Via:  hallux  •  11 months ago  •  31 comments

By:   David Frum - The Atlantic

DeSantis’s Launch Was Not the Only Thing That Crashed
“There are two kinds of people in politics: those who think DeSantis is a viable national candidate, and those who have met Ron DeSantis.”

S E E D E D   C O N T E N T


It was bad when the Twitter Spaces sound was off for the Florida governor. It was worse when the sound came on.

It would have been better for Governor Ron DeSantis if his Twitter Spaces announcement had crashed altogether.
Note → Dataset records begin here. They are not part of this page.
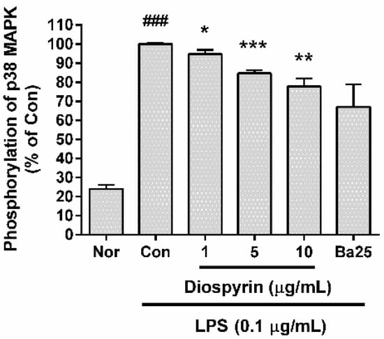 Effect of diospyrin on the phosphorylation of p38 MAPK in LPS-induced RAW 264.7 cells. After 15 min of treatment, the phosphorylation of p38 MAPK was measured via flow cytometry. The normal group (Nor) was treated with media only. The control group (Con) was treated with LPS (0.1 µg/mL) alone. Ba25 denotes baicalein (25 µM). Values are the mean ± SD of three independent experiments. ### p < 0.001 vs. Nor; * p < 0.05 vs. Con; ** p < 0.01 vs. Con; *** p < 0.001 vs. Con.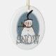 A snowman with a scarf and a high stovepipe hat and text that reads "SNOW" on a snowman keepsake holiday ornament you're sure to love for years to come!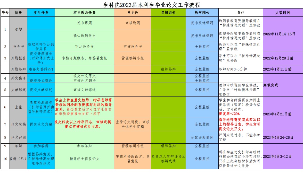 2023届毕业设计(论文)工作即将开始,具体工作流程见下图,请大家按照时间节点完成各流程工作。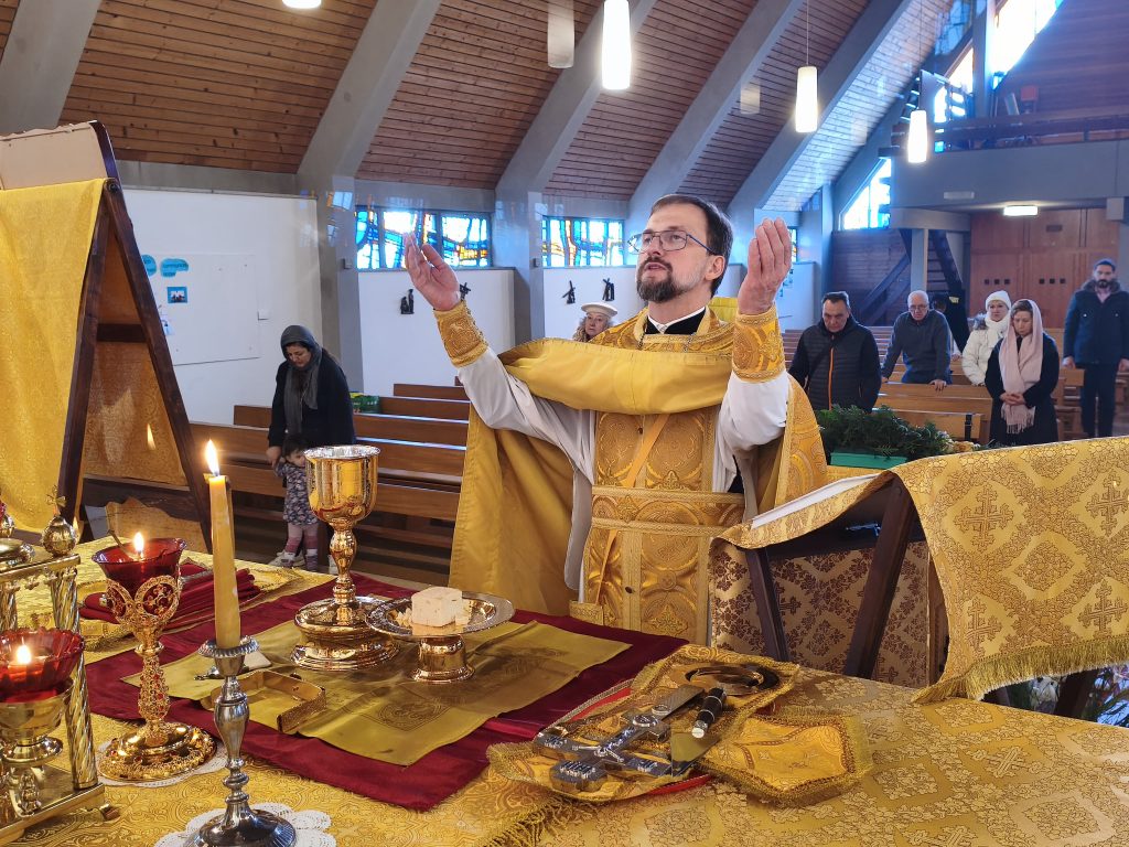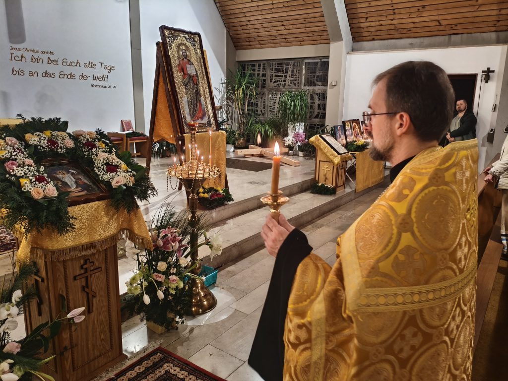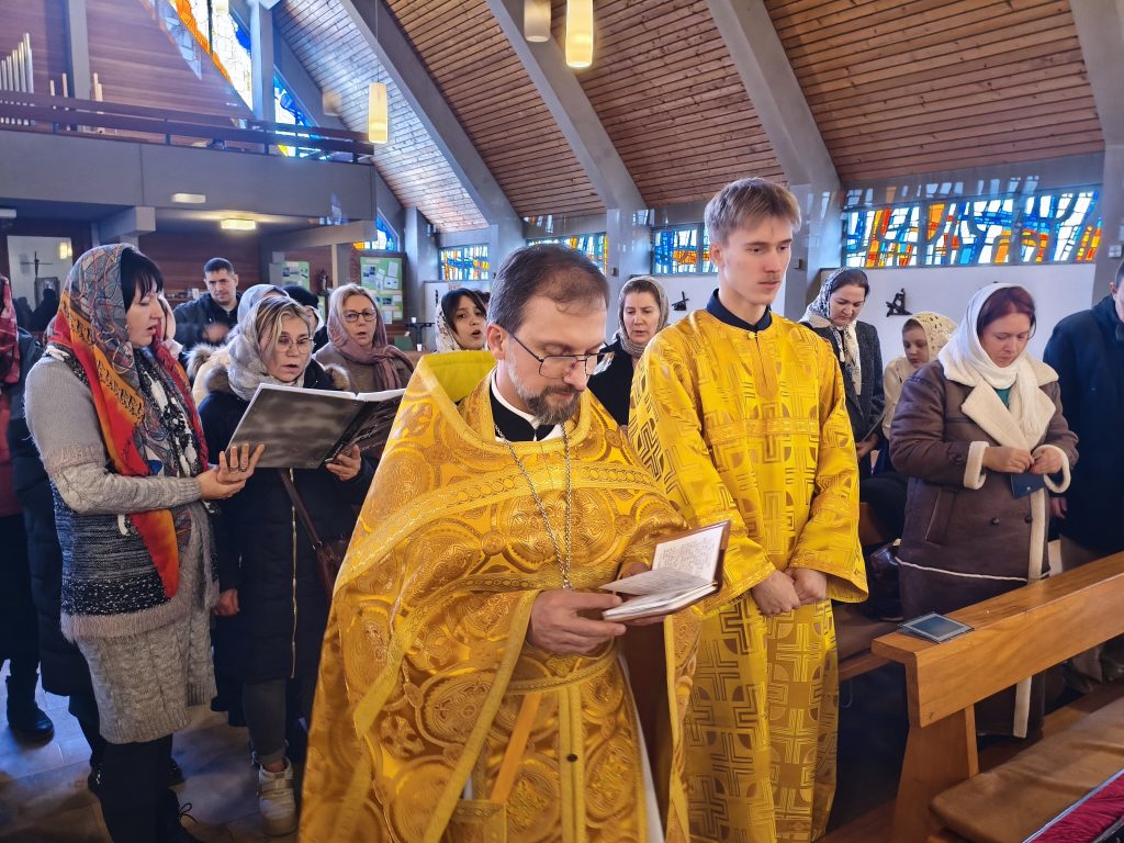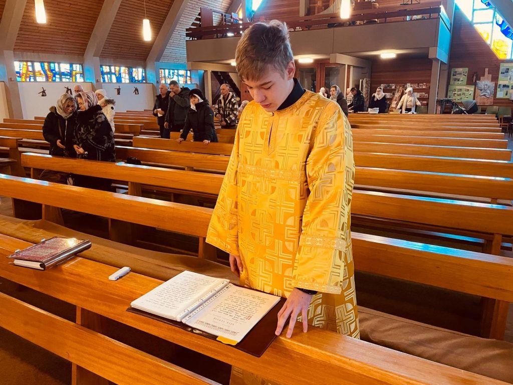 Богослужебные песнопения исполнил приходской хор под управлением регента Марины Мецлер. Свою проповедь о. Валентин посвятил Евангельскому чтению.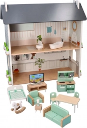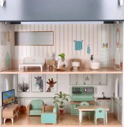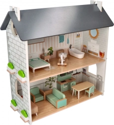 Het poppenhuis is ontworpen om creatief en fantasierijk spel aan te moedigen. Het bestaat uit twee verdiepingen waar kinderen hun eigen verhalen en scenario's kunnen creëren. Het houten materiaal garandeert een lange levensduur en duurzaamheid.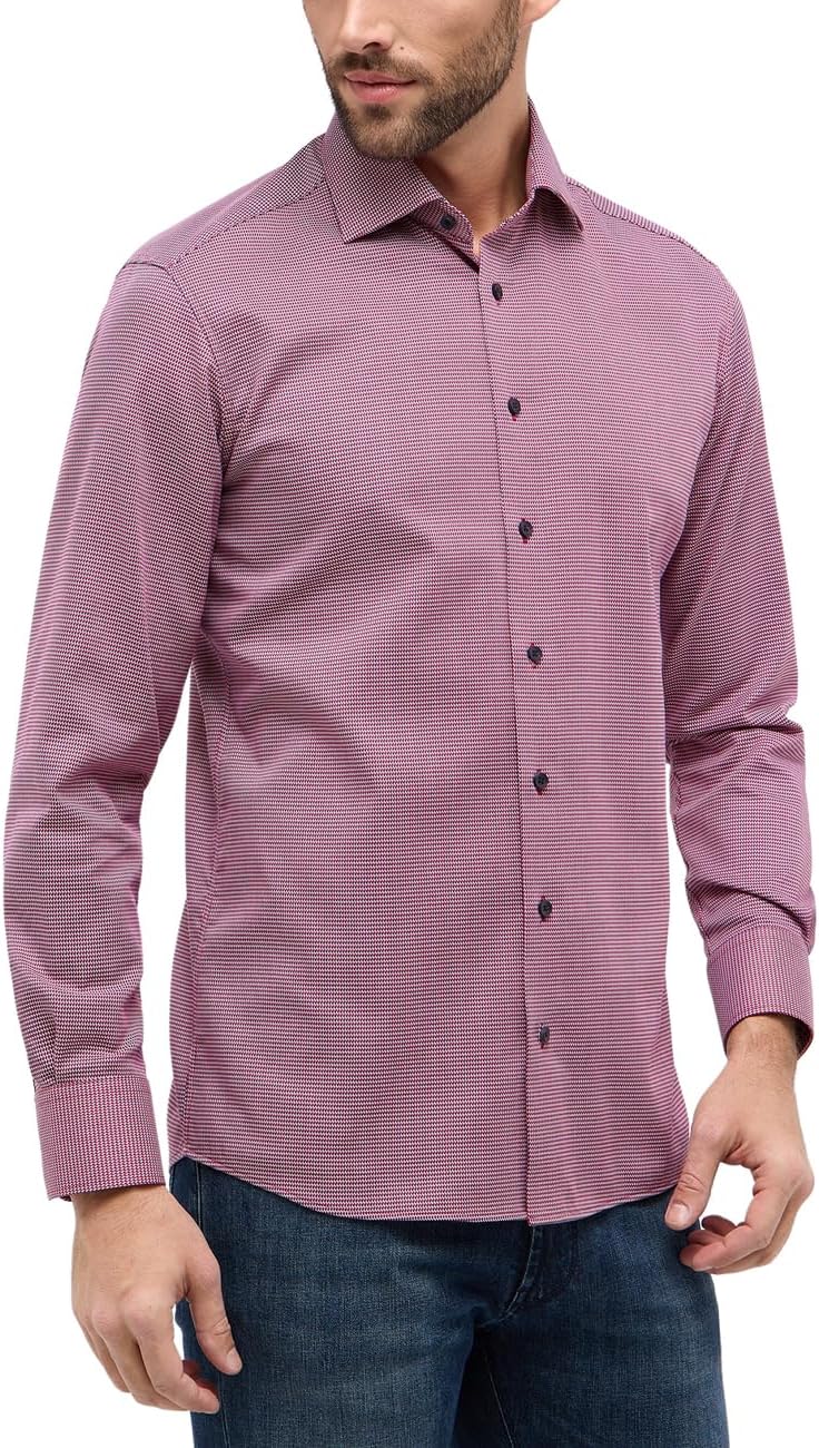 ETERNA Herren strukturiertes Baumwoll-Hemd MODERN FIT 44 Rot, 44 Rot

As bad as the tech failures were, the really bad part of his presidential launch was the part when the tech worked—and the world could hear a man radically and pathetically unready for national leadership.

DeSantis won the governorship of Florida in 2018 after a campaign in which he proclaimed himself one of Donald Trump’s most zealous and fawning followers. His best-known ad   showed   him indoctrinating his infant children into the Trump cult: “Then Mr. Trump said, ‘You’re fired.’ I love that part.” That history raised the question: Could DeSantis ever emerge as his own man; could he transition from follower to leader?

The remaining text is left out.